%%
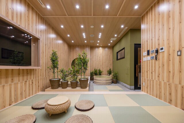 6階のアジアゾーンには、和をモチーフにした新エリアが登場。90人が収容できる茶の湯サウナでは「ほうじ茶ロウリュ」が体験でき、落ち着いたライトアップと香りに癒しをもらえます。2種類の水風呂(8度・16度)、露天の外気浴スペースも充実。
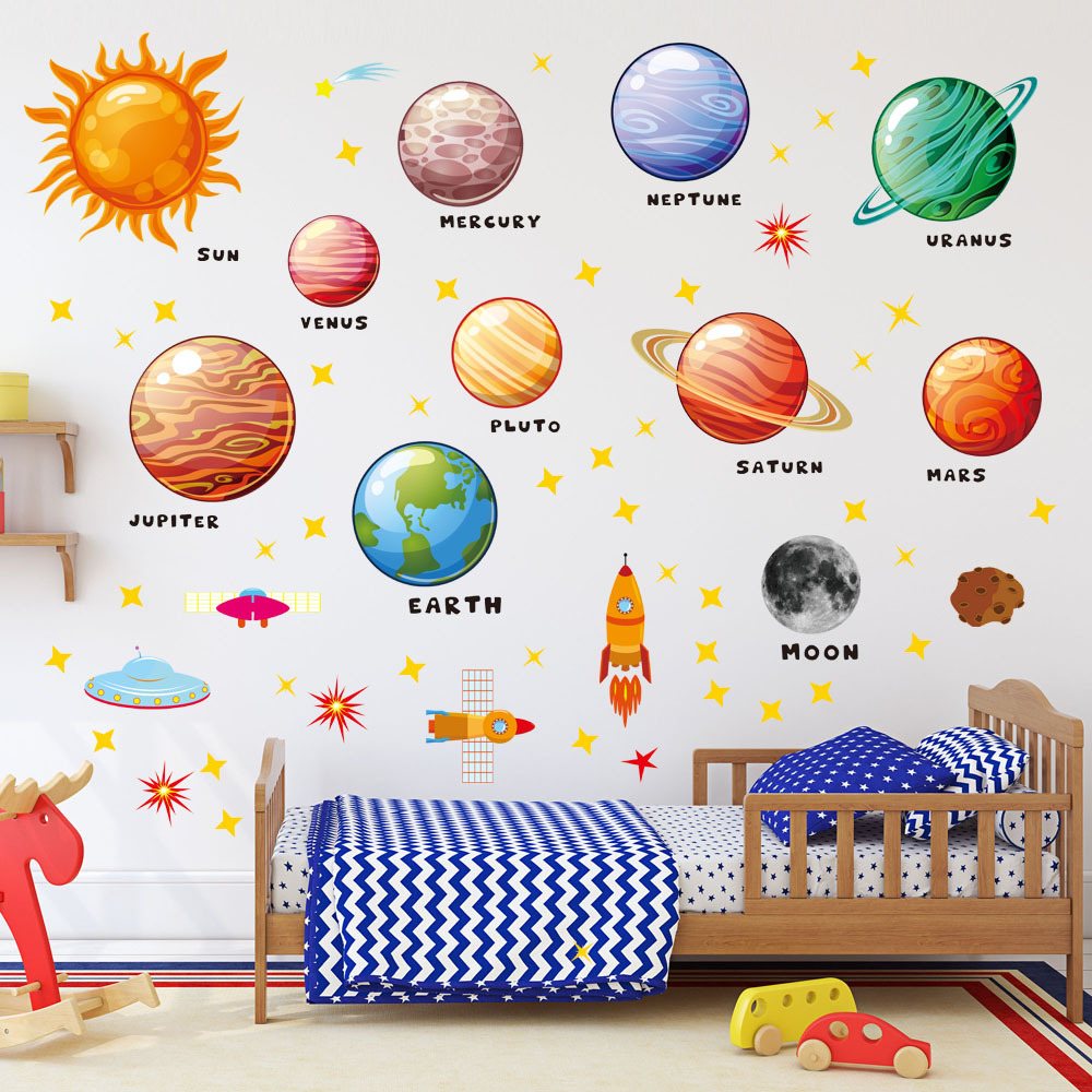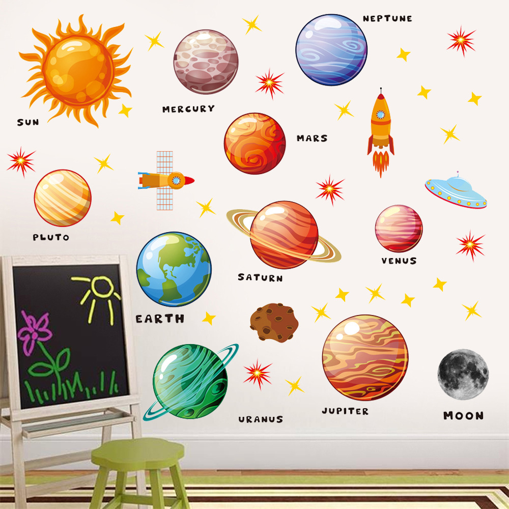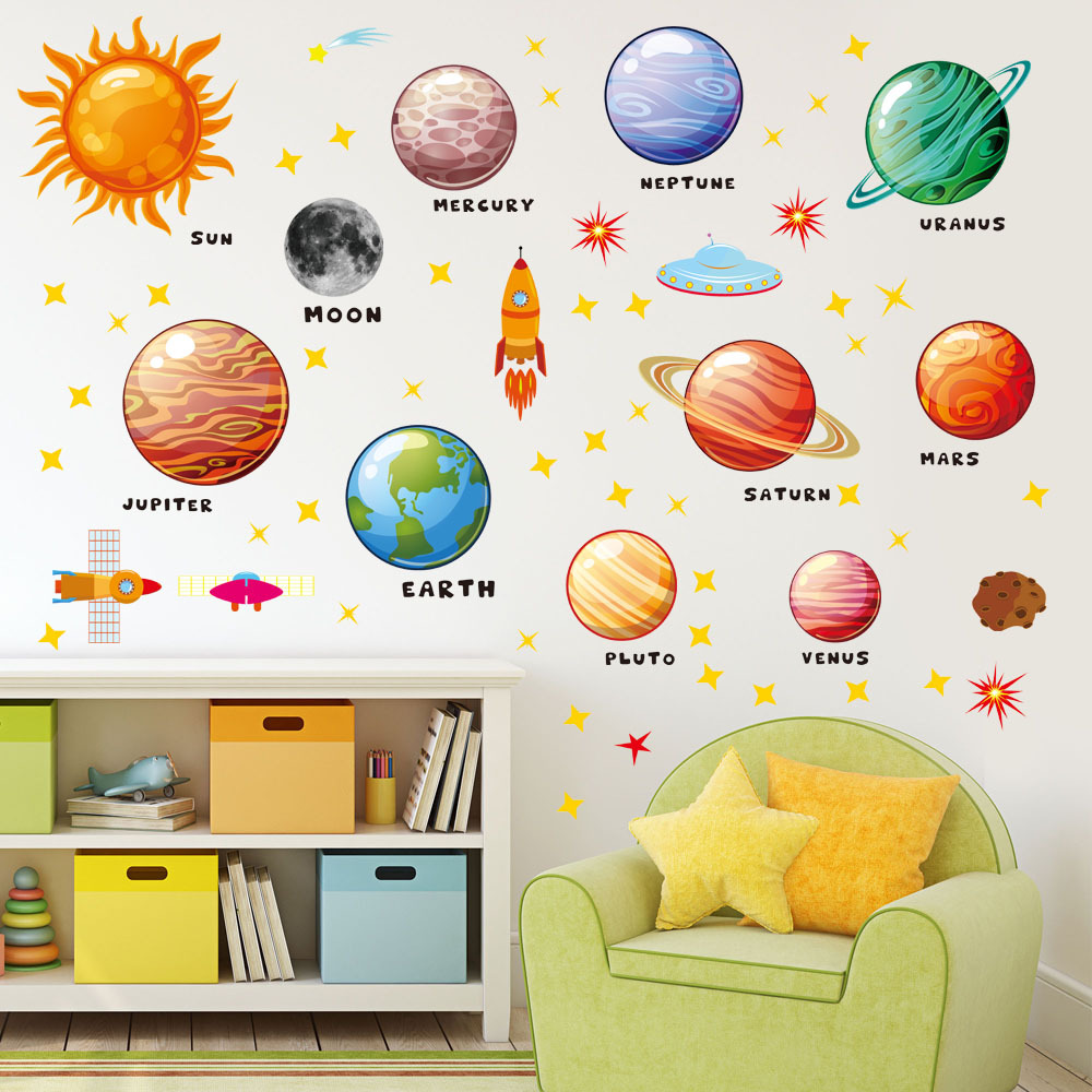 9 행성 우주 비행사 로켓 UFO 운석 우주 행성 테마 스티커 어린이 방 방수 자체 접착 벽 스티커
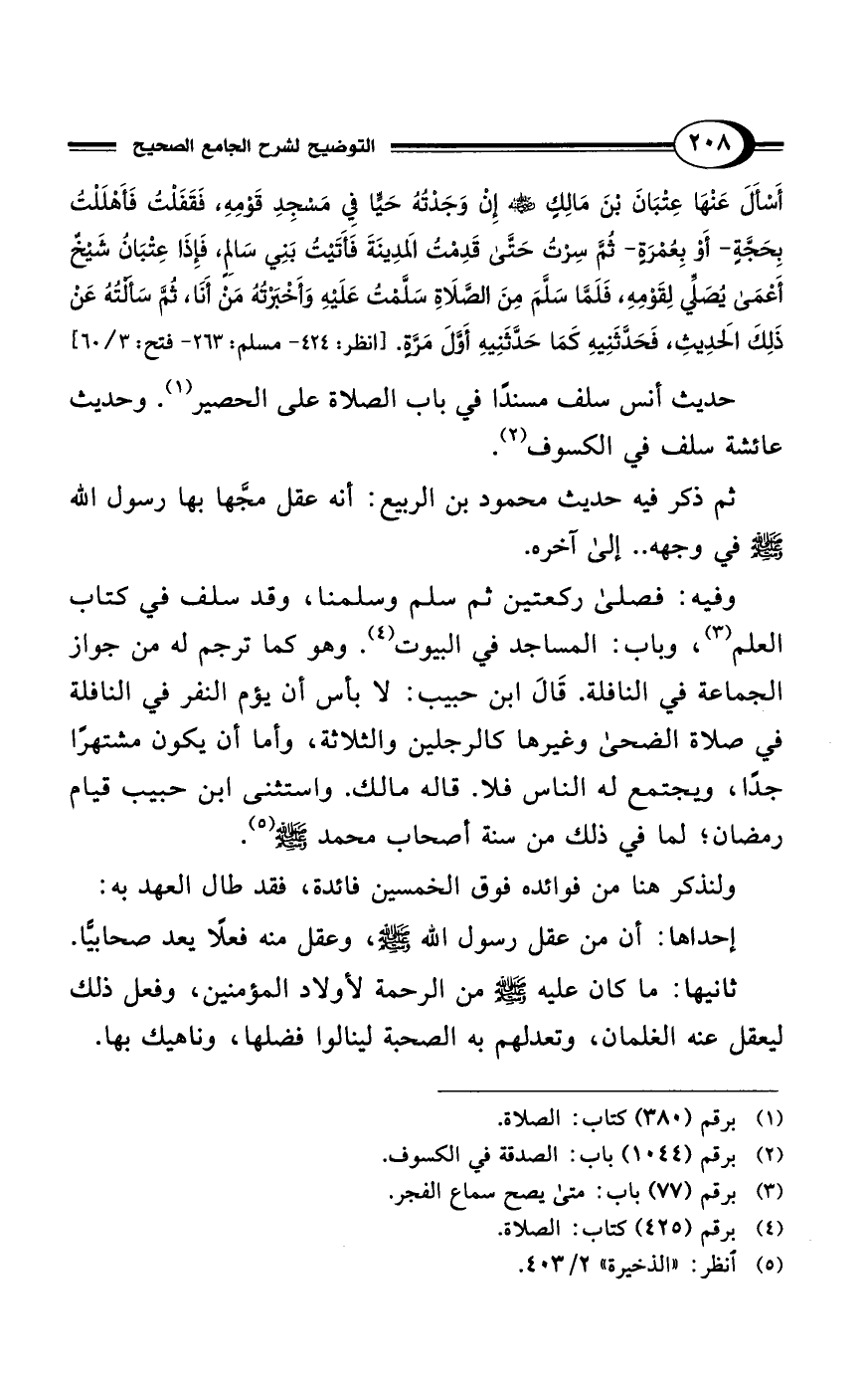 أَسْأَلَ عَنْهَا عِتْبَانَ بْنَ مَالِكٍ - رضي الله عنه - إِنْ وَجَدْتُهُ حَيًّا فِي مَسْجِدِ قَوْمِهِ، فَقَفَلْتُ فَأَهْلَلْتُ بِحَجَّةٍ -أَوْ بِعُمْرَةٍ-، ثُمَّ سِرْتُ حَتَّى قَدِمْتُ المَدِينَةَ فَأَتَيْتُ بَنِي سَالِمٍ، فَإِذَا عِتْبَانُ شَيْخٌ أَعْمَى يُصَلِّي لِقَوْمِهِ، فَلَمَّا سَلَّمَ مِنَ الصَّلاَةِ سَلَّمْتُ عَلَيْهِ وَأَخْبَرْتُهُ مَنْ أَنَا، ثُمَّ سَأَلْتُهُ عَنْ ذَلِكَ الحَدِيثِ، فَحَدَّثَنِيهِ كَمَا حَدَّثَنِيهِ أَوَّلَ مَرَّةٍ. [انظر: 424 - مسلم: 263 - فتح: 3/ 60]
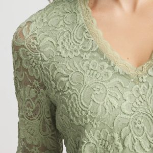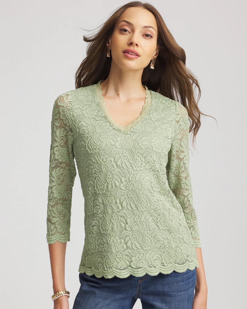 Quiet luxury helps to define thisLace Scallop-Hem Tee. Classic-fit silhouette with 3/4 length sleeves and a soft inner lining.
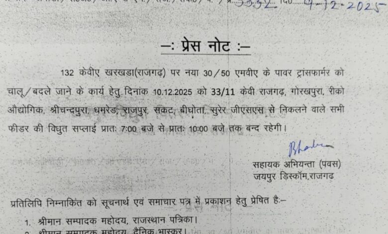 दैनिक राजस्थान समाचार नागपाल शर्मा माचाड़ी(अलवर):-राजगढ- राजगढ़ 132 केवी विद्युत सब ग्रिड़ स्टेशन खरखड़ा(राजगढ़) पर नया 30/50 एमवीए के पावर ट्रांसफार्मर को चालू/बदले जाने के कार्य हेतु दिनांक 10 दिसंबर 2025 को 33/11केवी राजगढ़,गोरखपुरा,रीको औद्योगिक क्षेत्र,श्रीचंद्पुरा, धमरेड़,राजपुर, सकट,बीघोता, सूरेर आदि फीडरो की जीएसएस (GSS) से निकलने वाले सभी फीडर की विद्युत सप्लाई प्रातः 7:00 से 10:00 बजे तक बंद रहेगी यह जानकारी जयपुर डिस्कॉम राजगढ़ के सहायक अभियंता द्वारा दी गई।
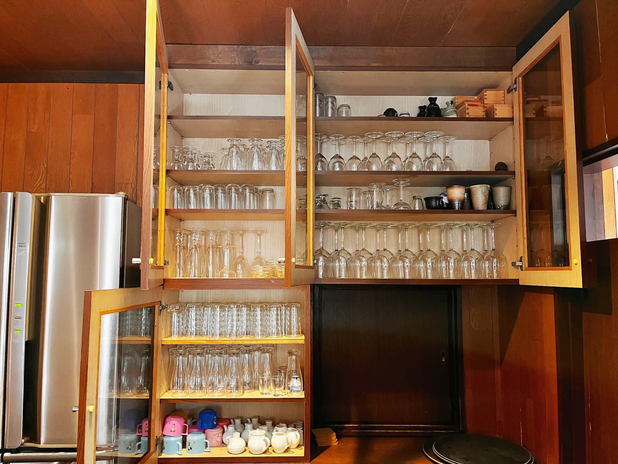 包丁×2・まな板×2・大きい鍋×2・おしどり鍋×2・フライパン×2・ざる×3・ボール×3・菜箸×2・やかん・おたま×2・フライ返し×2・栓抜き×2・缶切り・コルク抜き・皮むき・食器洗剤・スポンジ・キッチンペーパー・水切りネット・カウンタークロス・サランラップ・アルミホイル・ごみ用ビニール袋・着火ライター・お盆×5等
%%
» Task description: In the copy, include exactly the lines from the one with "Quiet luxury helps" through the final line of the entries above, both ends counted, and no pictures.

» Expected output:
 Quiet luxury helps to define thisLace Scallop-Hem Tee. Classic-fit silhouette with 3/4 length sleeves and a soft inner lining.
 दैनिक राजस्थान समाचार नागपाल शर्मा माचाड़ी(अलवर):-राजगढ- राजगढ़ 132 केवी विद्युत सब ग्रिड़ स्टेशन खरखड़ा(राजगढ़) पर नया 30/50 एमवीए के पावर ट्रांसफार्मर को चालू/बदले जाने के कार्य हेतु दिनांक 10 दिसंबर 2025 को 33/11केवी राजगढ़,गोरखपुरा,रीको औद्योगिक क्षेत्र,श्रीचंद्पुरा, धमरेड़,राजपुर, सकट,बीघोता, सूरेर आदि फीडरो की जीएसएस (GSS) से निकलने वाले सभी फीडर की विद्युत सप्लाई प्रातः 7:00 से 10:00 बजे तक बंद रहेगी यह जानकारी जयपुर डिस्कॉम राजगढ़ के सहायक अभियंता द्वारा दी गई।
 包丁×2・まな板×2・大きい鍋×2・おしどり鍋×2・フライパン×2・ざる×3・ボール×3・菜箸×2・やかん・おたま×2・フライ返し×2・栓抜き×2・缶切り・コルク抜き・皮むき・食器洗剤・スポンジ・キッチンペーパー・水切りネット・カウンタークロス・サランラップ・アルミホイル・ごみ用ビニール袋・着火ライター・お盆×5等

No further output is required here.